The pictures are to be omitted when the entries are reproduced exactly.

◆ ◆ ◆ ◆ ◆ ◆ ◆

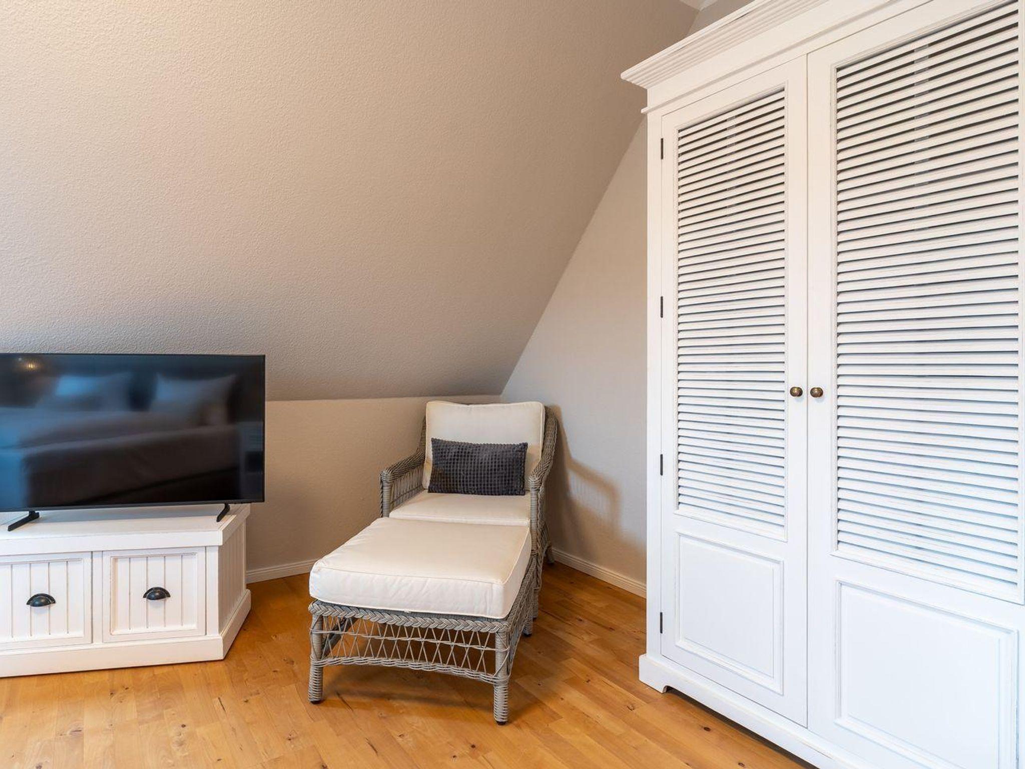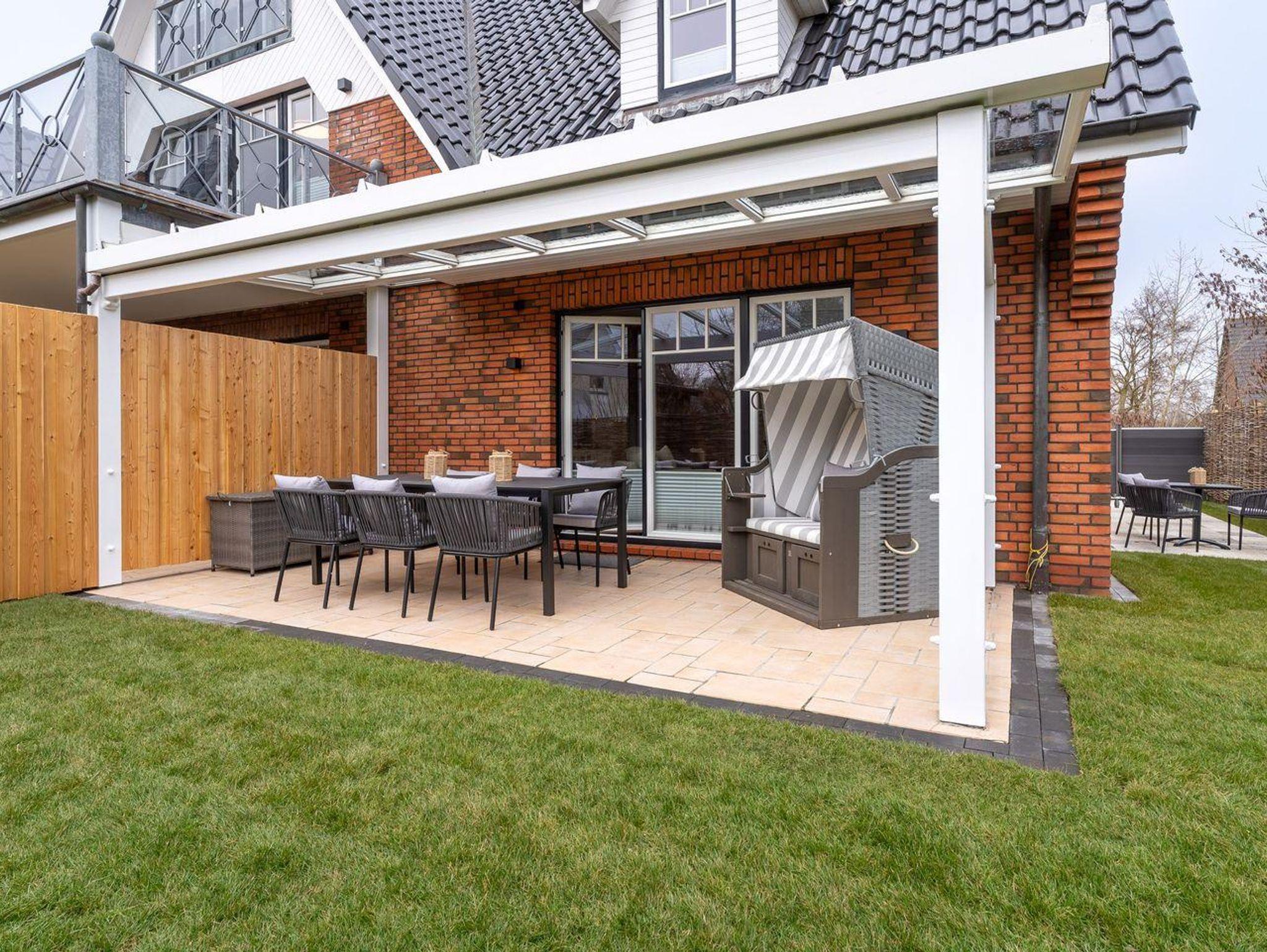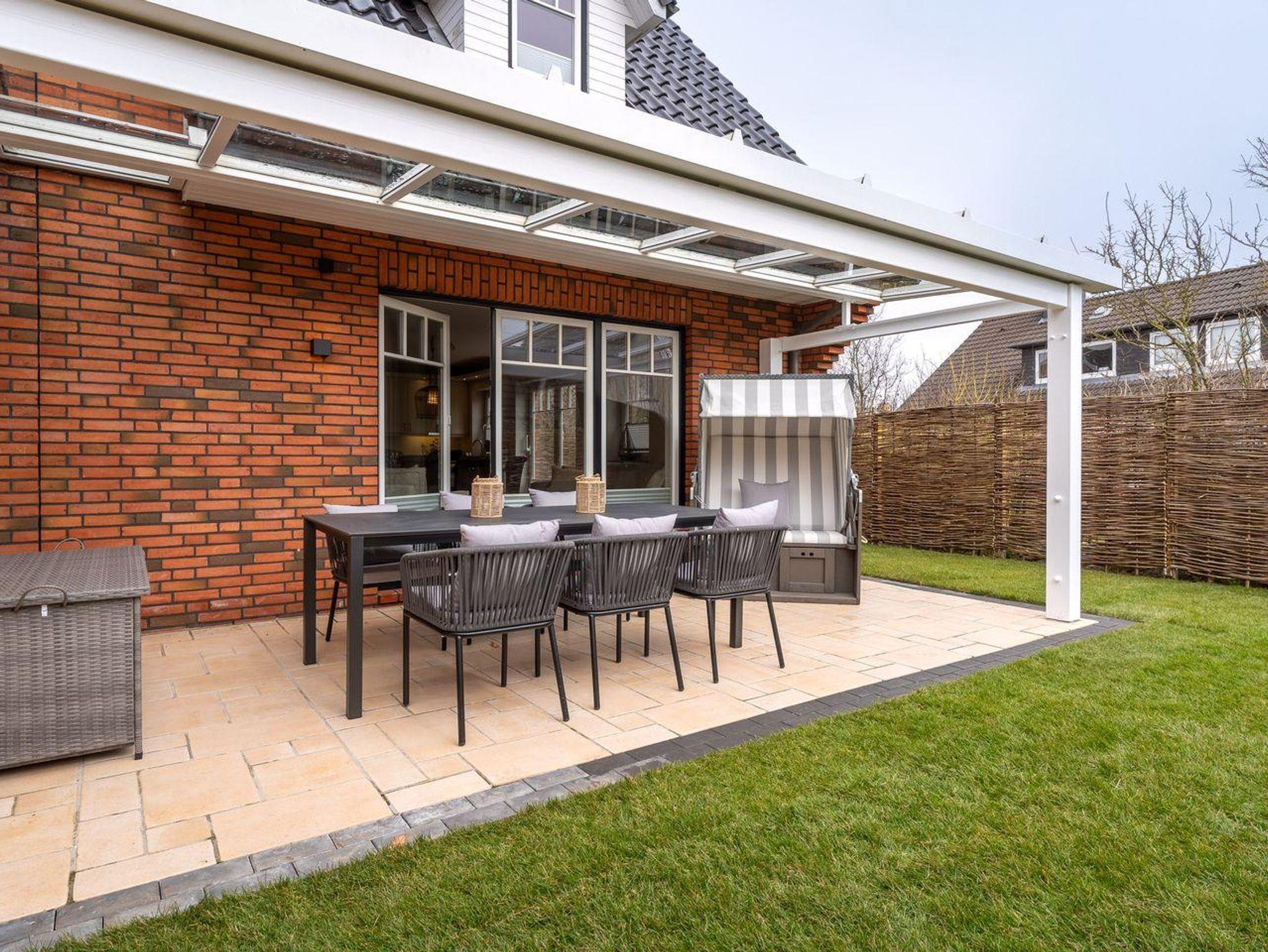 Der Außenbereich der Unterkunft ist besonders hervorzuheben. Die überdachte Terrasse lädt dazu ein, auch bei weniger gutem Wetter die frische Nordseeluft zu genießen. Gardenmöbel sind ebenfalls vorhanden, sodass Sie die ruhigen Stunden in der Natur verbringen können. Ein Strandkorb bietet Ihnen den perfekten Ort, um die Sonne zu genießen.
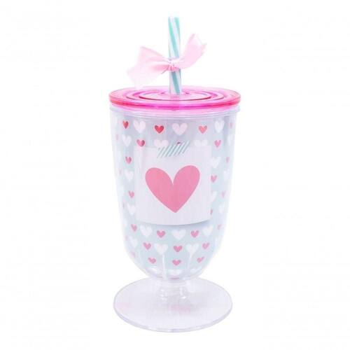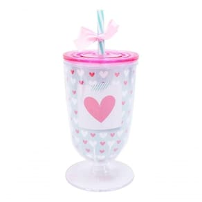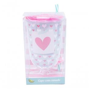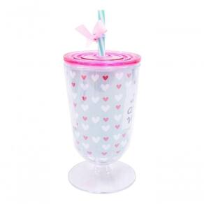 Copo formato taça com canudo e tampa. Copo com capacidade para 600 ml, estampa com corações e escrito pra você não esquecer: amo você. Canudo vem ainda com um lacinho. Material: plástico
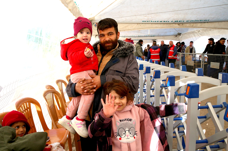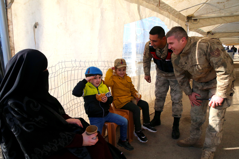 Kadın ve çocuklara geçiş önceliği tanıyan ekipler, ailelerinin işlemlerinin sürdüğü sırada çocuklarla yakından ilgileniyor.
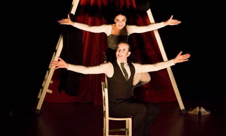 ‘Artistas o Bestias‘ ofrece al espectador un espacio para volar con las palabras, palabras que anidan en nuestro imaginario y que, en escena, resuenan como una invitación a soñar despiertos. El juego teatral se vuelve espectáculo y magia en esta pista semicircular, donde dos personajes, dos artistas, una mujer y un hombre, una pareja habla consigo misma, con el público sentado en sus butacas, y con su pasado. El circo nos invita a la fiesta en un escenario abierto, e íntimo a la vez. El rojo carmín, el telón viejo y una escalera como una carpa imaginada, pulmón gigante que nos acoge, nos convierten en espectadores de un circo tal vez soñado. Dos sillas, mucho más que dos muebles, viven en escena con estos dos personajes de carne y hueso. Teatro y circo, danza, ironía y juego se despliegan en un tiovivo reconocible y añorado, un espacio para la ilusión y la poesía. ¿Quién no ha deseado salir volando? ¿Quién no se ha sentido enjaulado? ¿Quién no busca el aplauso? ¿Quién no vive en la cuerda floja? Pasen y vean.
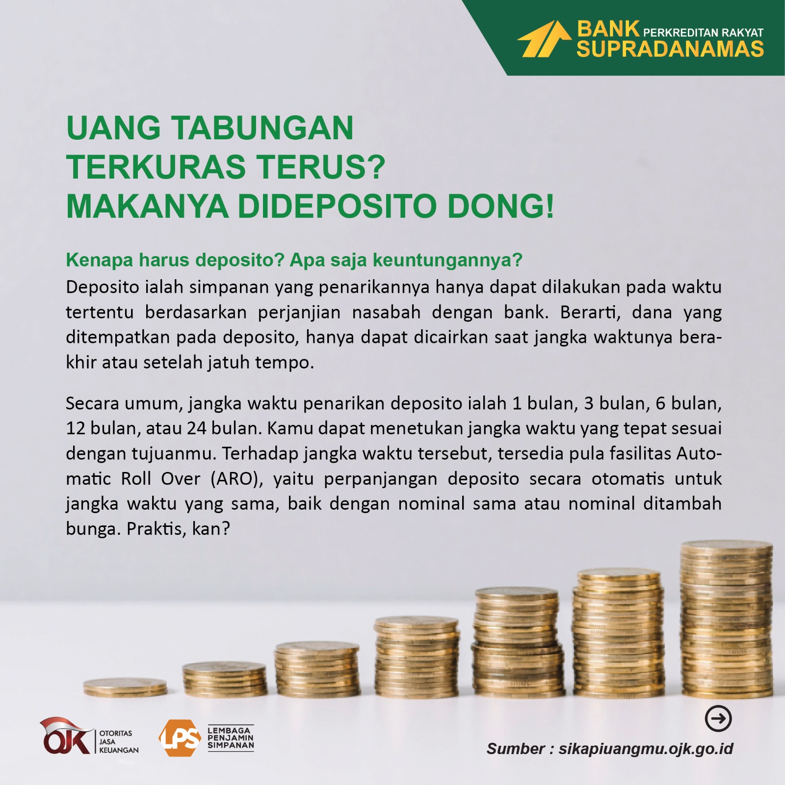 UANG TABUNGAN ‘TERKURAS’ TERUS? MAKANYA DIDEPOSITO DONG!

◆ ◆ ◆ ◆ ◆ ◆ ◆

SOLUTION BELOW
 Der Außenbereich der Unterkunft ist besonders hervorzuheben. Die überdachte Terrasse lädt dazu ein, auch bei weniger gutem Wetter die frische Nordseeluft zu genießen. Gardenmöbel sind ebenfalls vorhanden, sodass Sie die ruhigen Stunden in der Natur verbringen können. Ein Strandkorb bietet Ihnen den perfekten Ort, um die Sonne zu genießen.
 Copo formato taça com canudo e tampa. Copo com capacidade para 600 ml, estampa com corações e escrito pra você não esquecer: amo você. Canudo vem ainda com um lacinho. Material: plástico
 Kadın ve çocuklara geçiş önceliği tanıyan ekipler, ailelerinin işlemlerinin sürdüğü sırada çocuklarla yakından ilgileniyor.
 ‘Artistas o Bestias‘ ofrece al espectador un espacio para volar con las palabras, palabras que anidan en nuestro imaginario y que, en escena, resuenan como una invitación a soñar despiertos. El juego teatral se vuelve espectáculo y magia en esta pista semicircular, donde dos personajes, dos artistas, una mujer y un hombre, una pareja habla consigo misma, con el público sentado en sus butacas, y con su pasado. El circo nos invita a la fiesta en un escenario abierto, e íntimo a la vez. El rojo carmín, el telón viejo y una escalera como una carpa imaginada, pulmón gigante que nos acoge, nos convierten en espectadores de un circo tal vez soñado. Dos sillas, mucho más que dos muebles, viven en escena con estos dos personajes de carne y hueso. Teatro y circo, danza, ironía y juego se despliegan en un tiovivo reconocible y añorado, un espacio para la ilusión y la poesía. ¿Quién no ha deseado salir volando? ¿Quién no se ha sentido enjaulado? ¿Quién no busca el aplauso? ¿Quién no vive en la cuerda floja? Pasen y vean.
 UANG TABUNGAN ‘TERKURAS’ TERUS? MAKANYA DIDEPOSITO DONG!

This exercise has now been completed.